I'm new to this forum. I didn't see an engine section so I figured that I would try here. I bought this train off e-bay  http://cgi.ebay.com/ws/eBayISAPI.dll?ViewItem&rd=1&item=5941898708&ssPageName=STRK:MEWN:IT Problem is, one runs fine and the other won't run at all. If I take the body off and raise the rear wheels a bit it will turn at a low rev. Any idea what wears on these? I compared it to another one we have and I see no difference.  http://cgi.ebay.com/ws/eBayISAPI.dll?ViewItem&rd=1&item=5941899188&ssPageName=STRK:MEWN:IT  Thanks.

Brian NY


----------



## noddaz (Aug 6, 1999)

I don't know about yours, but I have one with a bad armature...
No big deal. It happens. Or your brushes could be bad.
One day I will get off my lazy butt and replace the bad parts from a spare doaner car... You can't just replace the chassis because it is different than a regular Tyco chassis...
Scott


----------



## MCD4x4 (Dec 28, 2004)

Are the brushes available, I never noticed them on e-bay? Thanks.


I just swapped out the motor from a regular chassis in to the Turbo Train chassis. The train runs fine now but I want to fix the dead vett now.lol I see the pick up shoes are a bit different too.

MCD4x4 NY


----------



## 22tall (Jul 28, 2002)

Hi Brian, first I would check for friction. Do the rear wheels on the bad one turn as freely as the good one when you do it by hand? Check to see if the commutator is clean. Check the brushes. An ohm meter can be used to check the arm.
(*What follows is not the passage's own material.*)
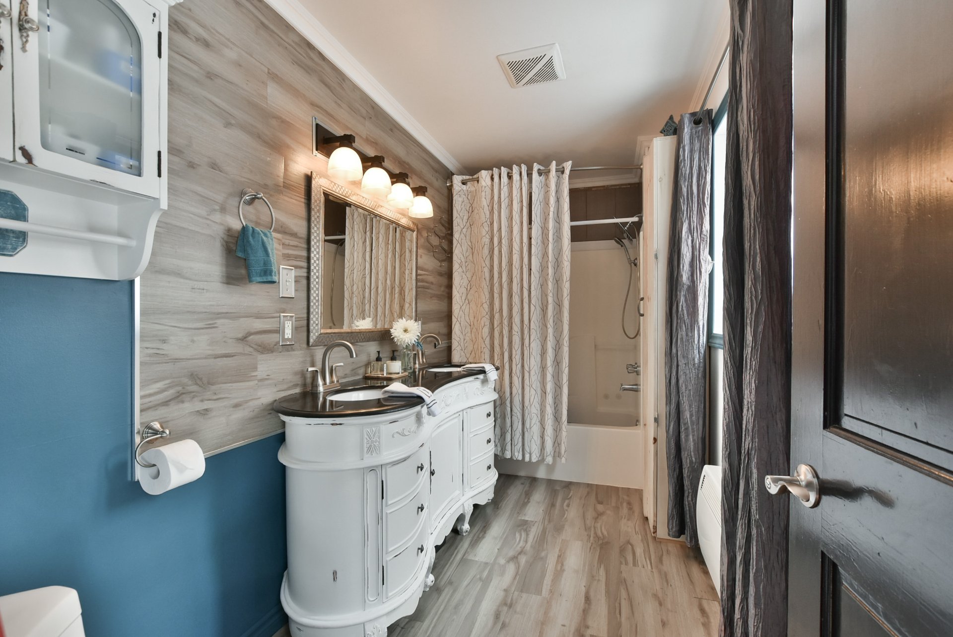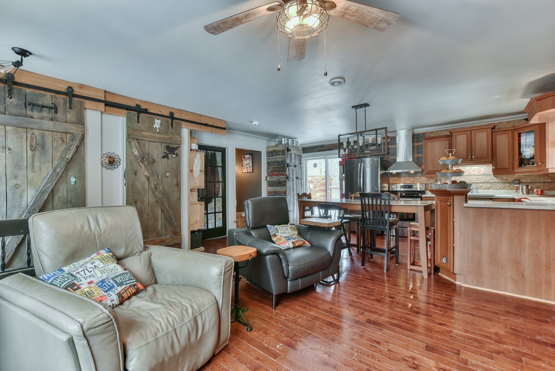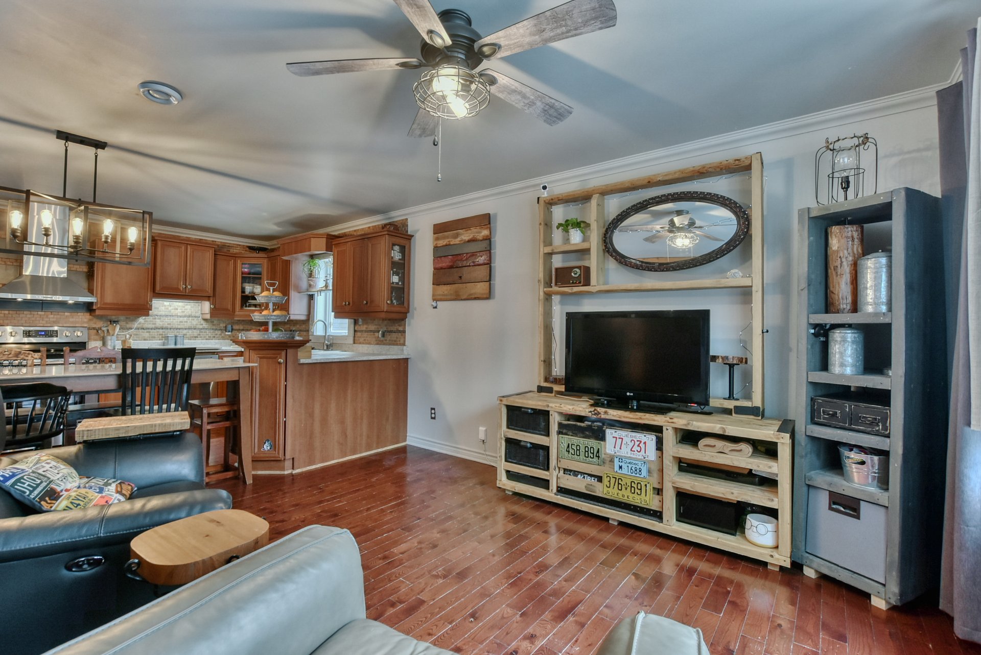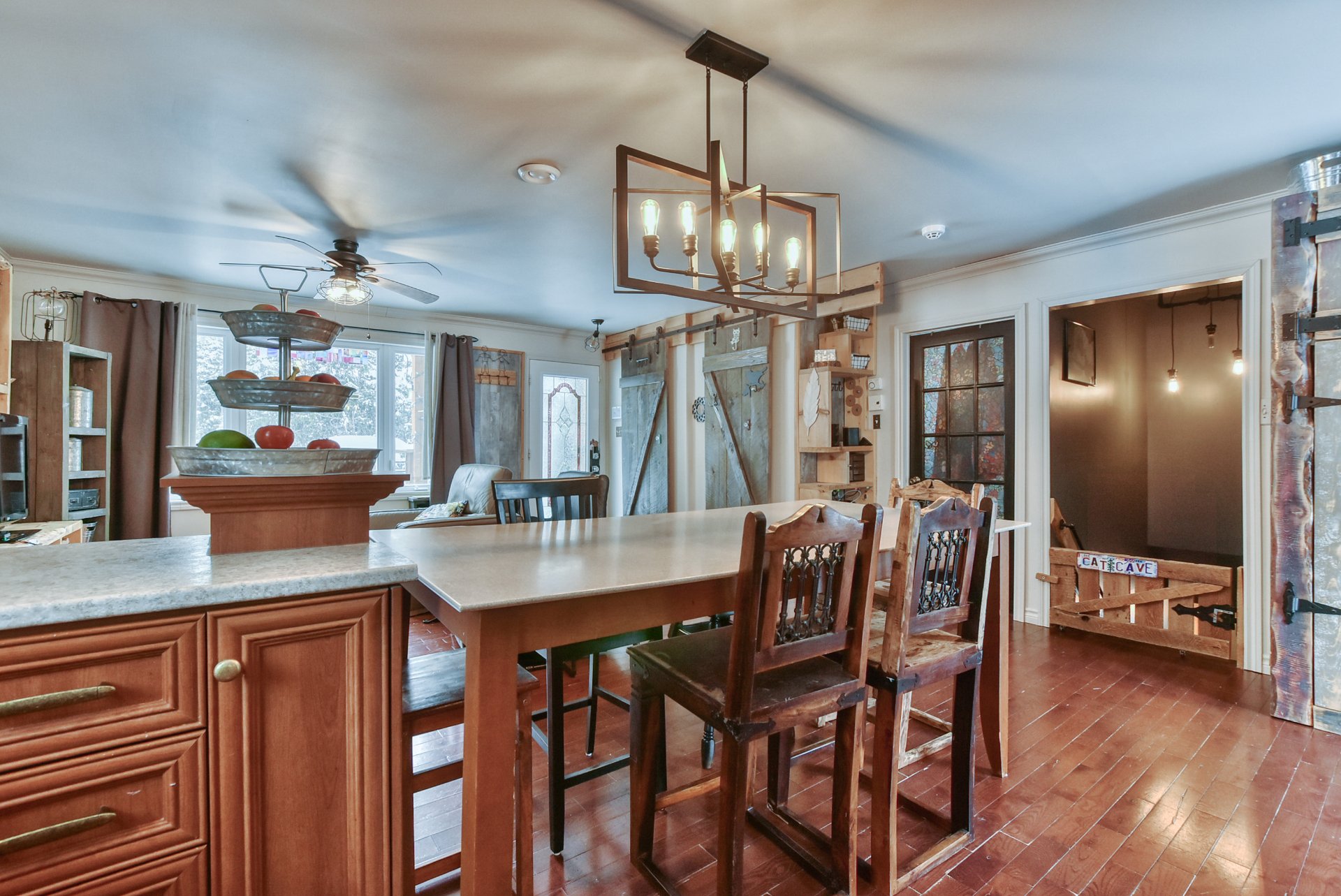 - L'intérieur met en valeur de beaux planchers de bois qui
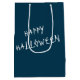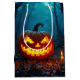 En skuren pumpkin med en olycksbådande flin glöd i en mörk, en rävskog med ett litet ljus i närheten

If you have another Tyco X2 try switching parts.

Good luck


----------



## doctorslotcar (Jul 25, 2004)

yes, armatuer problem fer-sher if all other contacts have been cleaned.I get junk cars often and first spray the motor with an electrical contact cleaner, blowing out with compresed air and using a spare power pak to run engine in both directions in short intervals and alot of times they really come to life.


----------



## MCD4x4 (Dec 28, 2004)

The friction is the same in both so I have the contact cleaner. I'll give that a shot.


----------